*** Collected material

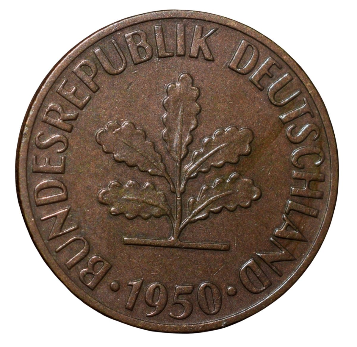 Brass 5 Pfennig of Germany (AD 1950) with Oak Sapling
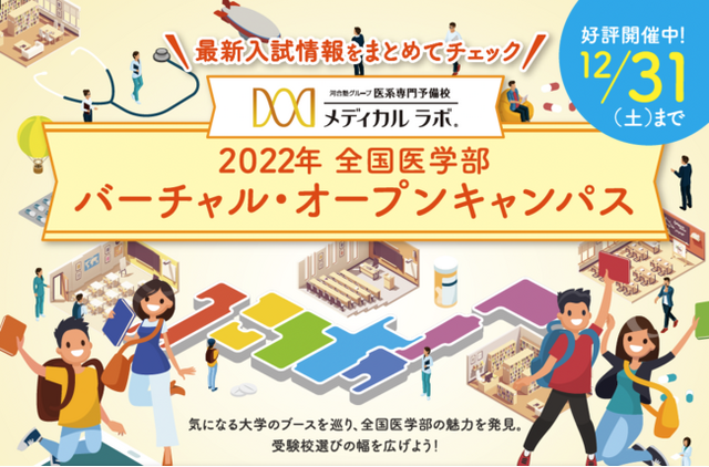 医系専門予備校として合格者数No.1(※「株式会社ドゥ・ハウス」調べ/2022年度入試 医学部医学科合格者1,270名)、全国に28校を展開する医系専門予備校メディカルラボ(河合塾グループ)は、受験生・保護者への情報提供の場として、この度、全国医学部の最新入試情報をいつでもどこでもチェックできる「2022年 全国医学部 バーチャル・オープンキャンパス」を開催。メディカルラボ独自取材のインタビュー動画や大学案内動画、キャンパスツアーや入試説明資料等をご覧いただくことで、全国医学部のオープンキャンパスを一度に体験いただけます。
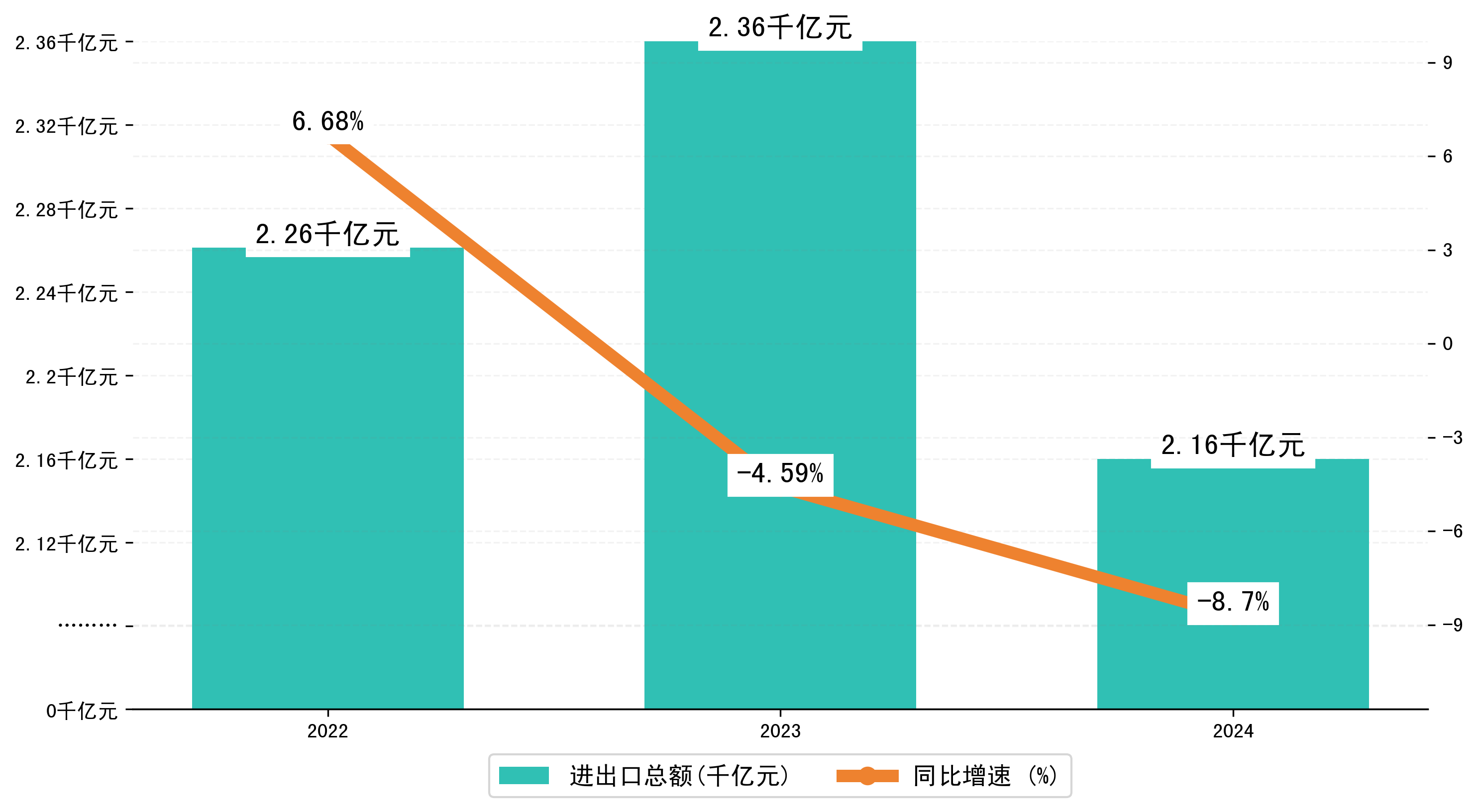 以人民币计,2024年1-6月大连市进出口总额为2159,0108.5658万元,相比上年同期减少了205,6621.9431万元,同比减少了-8.70%。

******

- Work item: Transcribe the whole of the data exactly, minus any pictures.

- Solution to this task:
 Brass 5 Pfennig of Germany (AD 1950) with Oak Sapling
 医系専門予備校として合格者数No.1(※「株式会社ドゥ・ハウス」調べ/2022年度入試 医学部医学科合格者1,270名)、全国に28校を展開する医系専門予備校メディカルラボ(河合塾グループ)は、受験生・保護者への情報提供の場として、この度、全国医学部の最新入試情報をいつでもどこでもチェックできる「2022年 全国医学部 バーチャル・オープンキャンパス」を開催。メディカルラボ独自取材のインタビュー動画や大学案内動画、キャンパスツアーや入試説明資料等をご覧いただくことで、全国医学部のオープンキャンパスを一度に体験いただけます。
 以人民币计,2024年1-6月大连市进出口总额为2159,0108.5658万元,相比上年同期减少了205,6621.9431万元,同比减少了-8.70%。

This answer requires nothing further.